* _PROBLEM DETAILS_
Look for the line with "Practicing her ‘gangsta’" in the entries below, then extract that line and all lines after it exactly, with pictures left out.

Collected data

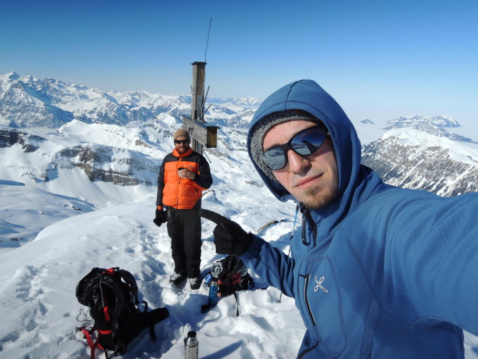 Gipfelaufstieg ab Skidepot problemlos. Steigeisen können psychologisch hilfreich sein (Pickel ist momentan wenig brauchbar). Kurze Kletterstellen sind gut machbar. Das Stahlseil liegt grösstenteils frei und die Kette auch.
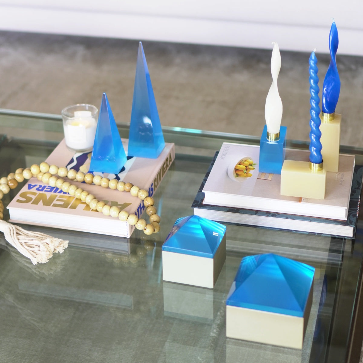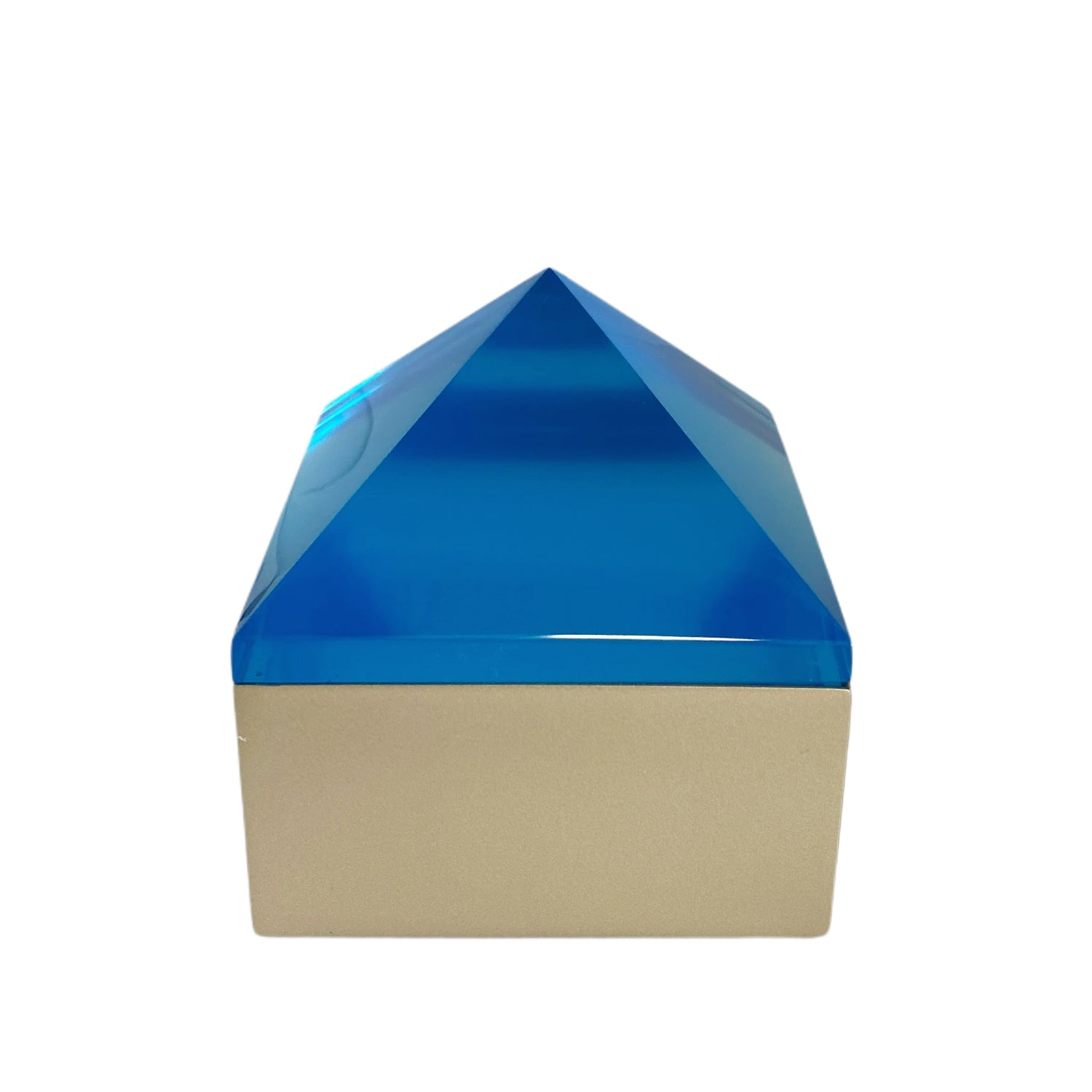 Na hora de decorar, você quer levar para cada ambiente sua personalidade e estilo, para isso trouxemos uma peça que vai tirar o fôlego, a caixa pirâmide azul, pensada para você que sabe que cada detalhe faz a diferença na hora de decorar. Ela é ideal para colocarmos na mesa de centro junto com algum livro bem diferente e colorido, você pode também combinar com outras peças da nossa coleção de resina, como a caixa pirâmide P, ou então as pirâmides que temos em dois tamanhos, com essa combinação, você terá uma casa super moderna e bonita.
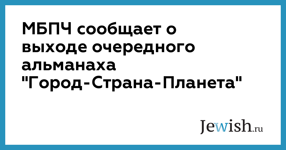 МБПЧ сообщает о выходе очередного альманаха "Город-Страна-Планета"
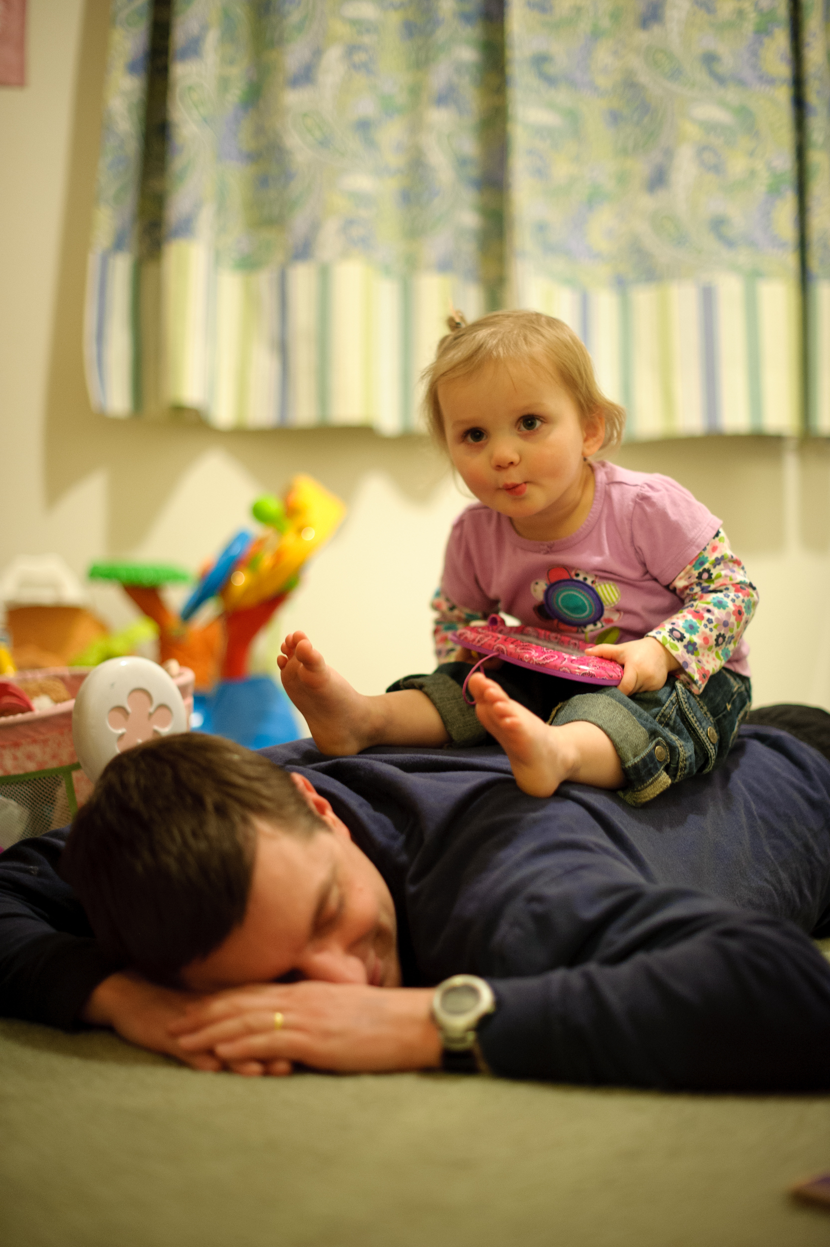 Practicing her ‘gangsta’ look (?!):Loving her big sister:Building with blocks and legos:Giving kisses:Using daddy as a platform on which to play and showing off her stellar fishy lips:Here is her reaction to being sung to with her cupcake:
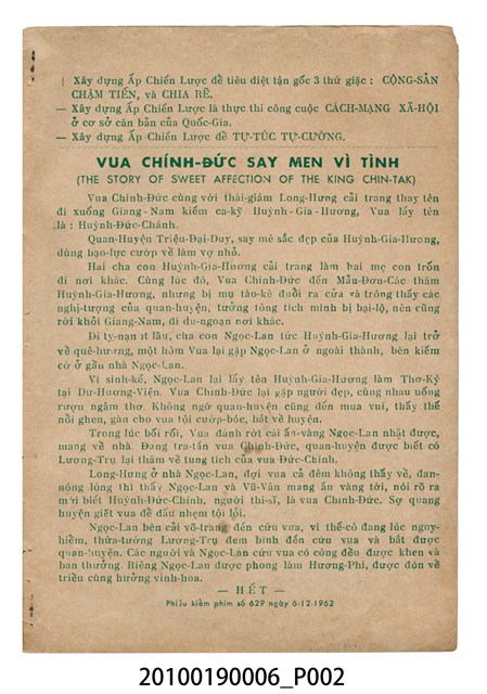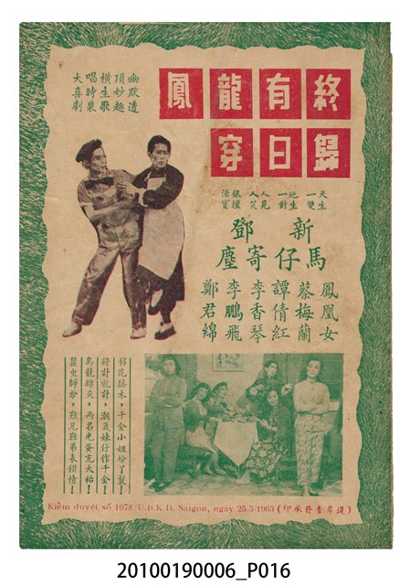 1. 香港電影《正德皇海角尋香》於越南的戲院上映時的電影本事小冊。本事封面印有「全部歌唱」、「宮闈香豔 輕鬆諧趣 武俠奇情 歌唱名片」廣告文字。本事封底為下期上映影片廣告,介紹粵語片《終歸有日龍穿鳳》,標明「幽默透頂妙趣橫生歌唱時裝大喜劇」、主角「新馬仔」與「鄧寄塵」,並列出其他主演演員名單。本事內頁則收錄《正德皇海角尋香》的電影故事、曲詞與工尺譜。2. 香港電影《正德皇海角尋香》由玉聯影業公司於1959年出品。該片由龍圖執導,任劍輝、羅艷卿、梁醒波、譚倩紅、鄭君綿、馮峰等領銜主演。玉聯影業為活躍於1950至60年代的香港電影公司,曾出品80餘部香港電影,主要拍製類型為武俠、歌唱與戲曲電影。
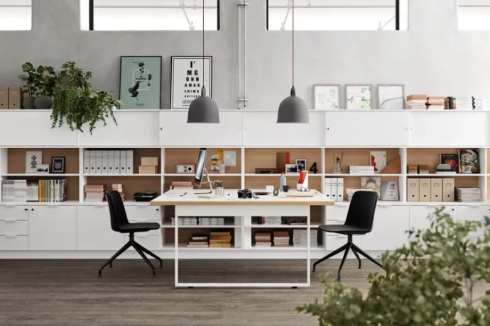 De centrale Spine-systemen bestaan uit een centraal modulair element waaraan bureaus haaks worden gekoppeld. Het belangrijkste voordeel van deze systemen is de grotere opbergcapaciteit en de zeer comfortabele toegang tot dossiers en archivering.

* _ANSWER SPACE_
 Practicing her ‘gangsta’ look (?!):Loving her big sister:Building with blocks and legos:Giving kisses:Using daddy as a platform on which to play and showing off her stellar fishy lips:Here is her reaction to being sung to with her cupcake:
 1. 香港電影《正德皇海角尋香》於越南的戲院上映時的電影本事小冊。本事封面印有「全部歌唱」、「宮闈香豔 輕鬆諧趣 武俠奇情 歌唱名片」廣告文字。本事封底為下期上映影片廣告,介紹粵語片《終歸有日龍穿鳳》,標明「幽默透頂妙趣橫生歌唱時裝大喜劇」、主角「新馬仔」與「鄧寄塵」,並列出其他主演演員名單。本事內頁則收錄《正德皇海角尋香》的電影故事、曲詞與工尺譜。2. 香港電影《正德皇海角尋香》由玉聯影業公司於1959年出品。該片由龍圖執導,任劍輝、羅艷卿、梁醒波、譚倩紅、鄭君綿、馮峰等領銜主演。玉聯影業為活躍於1950至60年代的香港電影公司,曾出品80餘部香港電影,主要拍製類型為武俠、歌唱與戲曲電影。
 De centrale Spine-systemen bestaan uit een centraal modulair element waaraan bureaus haaks worden gekoppeld. Het belangrijkste voordeel van deze systemen is de grotere opbergcapaciteit en de zeer comfortabele toegang tot dossiers en archivering.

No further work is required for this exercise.